И это оказалось довольно приятным моментом, как бы я ни заверял девушку в обратном. Она так ко мне жалась, что в какой-то момент мысль, чтобы наш путь увеличился втрое, казалась желанной.

Через полчаса пререканий, сборов и, уже ставших привычными, словесных перепалок, прощаемся с тёткой и отправляемся в Фиалково. Не знаю, о чём думает Олеся, но я готовлюсь как минимум к истерике, максимум – встрече с адвокатом жены Гореева. На её месте я бы не отпустил так просто нерадивого мужа, исчезнувшего на девять лет и приехавшего исключительно за разводом. А тот факт, что у Александра имеется невеста, ожидающего освобождения жениха для заключения брака, раздул бы мою злость до гигантских размеров. Она будет идиоткой, если отпустит мужа без полагающегося наказания, хотя бы с материальной точки зрения.

Через два часа въезжаем в Фиалково, которое оказывается посёлком городском типа. Достаточно уютное и милое место. Гореев откровенно напрягается, когда останавливается у частного дома на одной из улиц, посматривая сначала на меня, а затем на Олесю, которая на протяжении всего пути молчала, уставившись в телефон, как только появилась связь. Её больше заботит свадьба Изотова, которую нам предстоит провести вместе. По крайней мере, она будет находиться в поле моей видимости, что позволит наблюдать за работой организатора свадеб со стороны. Зачем это мне пока и сам не понял, но тот факт, что сероглазая фурия будет где-то рядом, меня успокаивает.

– Идём? – выхожу из автомобиля, указывая на дом, в котором проживает жена Гореева. – Сегодня нужно вернуться в город.
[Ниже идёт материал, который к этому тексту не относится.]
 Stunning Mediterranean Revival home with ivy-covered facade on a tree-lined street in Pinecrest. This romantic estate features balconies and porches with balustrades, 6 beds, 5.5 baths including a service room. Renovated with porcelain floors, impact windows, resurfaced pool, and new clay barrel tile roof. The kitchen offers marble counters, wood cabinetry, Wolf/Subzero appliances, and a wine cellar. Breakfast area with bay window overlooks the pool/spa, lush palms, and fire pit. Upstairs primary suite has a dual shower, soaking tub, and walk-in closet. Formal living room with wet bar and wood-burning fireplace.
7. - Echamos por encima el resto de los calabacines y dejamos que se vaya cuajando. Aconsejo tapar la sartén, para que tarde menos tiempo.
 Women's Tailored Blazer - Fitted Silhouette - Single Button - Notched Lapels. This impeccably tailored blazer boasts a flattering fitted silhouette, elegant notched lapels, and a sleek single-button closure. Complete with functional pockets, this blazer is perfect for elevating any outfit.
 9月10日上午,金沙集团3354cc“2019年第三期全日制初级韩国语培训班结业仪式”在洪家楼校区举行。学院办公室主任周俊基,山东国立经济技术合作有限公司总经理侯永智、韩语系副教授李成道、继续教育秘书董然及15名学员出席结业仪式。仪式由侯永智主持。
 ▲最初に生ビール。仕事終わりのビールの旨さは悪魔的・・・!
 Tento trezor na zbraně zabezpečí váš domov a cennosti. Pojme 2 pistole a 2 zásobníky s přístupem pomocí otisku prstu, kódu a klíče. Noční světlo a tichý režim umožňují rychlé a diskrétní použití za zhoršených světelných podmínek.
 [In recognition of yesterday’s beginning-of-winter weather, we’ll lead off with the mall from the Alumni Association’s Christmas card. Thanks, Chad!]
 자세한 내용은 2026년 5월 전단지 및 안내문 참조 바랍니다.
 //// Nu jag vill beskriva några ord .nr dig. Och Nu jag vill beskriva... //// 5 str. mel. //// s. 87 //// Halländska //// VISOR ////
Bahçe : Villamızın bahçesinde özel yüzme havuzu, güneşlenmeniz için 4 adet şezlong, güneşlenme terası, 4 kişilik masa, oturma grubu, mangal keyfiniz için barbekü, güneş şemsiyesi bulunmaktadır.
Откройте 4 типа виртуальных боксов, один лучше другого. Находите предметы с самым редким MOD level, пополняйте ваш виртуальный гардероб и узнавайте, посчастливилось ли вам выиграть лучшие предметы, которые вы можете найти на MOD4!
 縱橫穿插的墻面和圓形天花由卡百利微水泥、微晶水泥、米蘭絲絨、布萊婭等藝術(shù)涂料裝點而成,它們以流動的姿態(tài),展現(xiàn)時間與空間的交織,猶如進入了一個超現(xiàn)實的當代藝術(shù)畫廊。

– Сейчас, – Гореев наматывает круги по дороге, вскинув глаза к небу и глубоко дыша. – Соберусь с мыслями.

Девять лет, вероятно, эти самые мысли были сосредоточены на чём-то ином, совершенно не относящемуся к его браку и женщине, оставшейся ждать в Фиалково.

– Перед смертью не надышишься, – бурчит Олеся, останавливаясь рядом и посматривая на Александра.

– Какая вы добрая, Олеся Дмитриевна. Доброта так и прёт.

– Я, конечно, не могу знать, что послужило причиной отъезда Гореева, но если бы меня бросили, а затем через девять лет вернулись и попросили развод, чтобы жениться на другой, как минимум получили пощёчину.

– А как максимум? – задаю вопрос, желая узнать, насколько девушка кровожадна.

– Читали о средневековых пытках? – прищуривается, ожидая ответа и получая его в виде кивка. – Я бы применила самую изощрённую и мучительную.

– Так вы по этой причине свободны? Последний мужчина, который совершил оплошность, покоится сейчас где-нибудь в лесочке за городом? – подмигиваю, посчитав шутку удавшейся.

– Я свободна, потому что люди способны на предательство.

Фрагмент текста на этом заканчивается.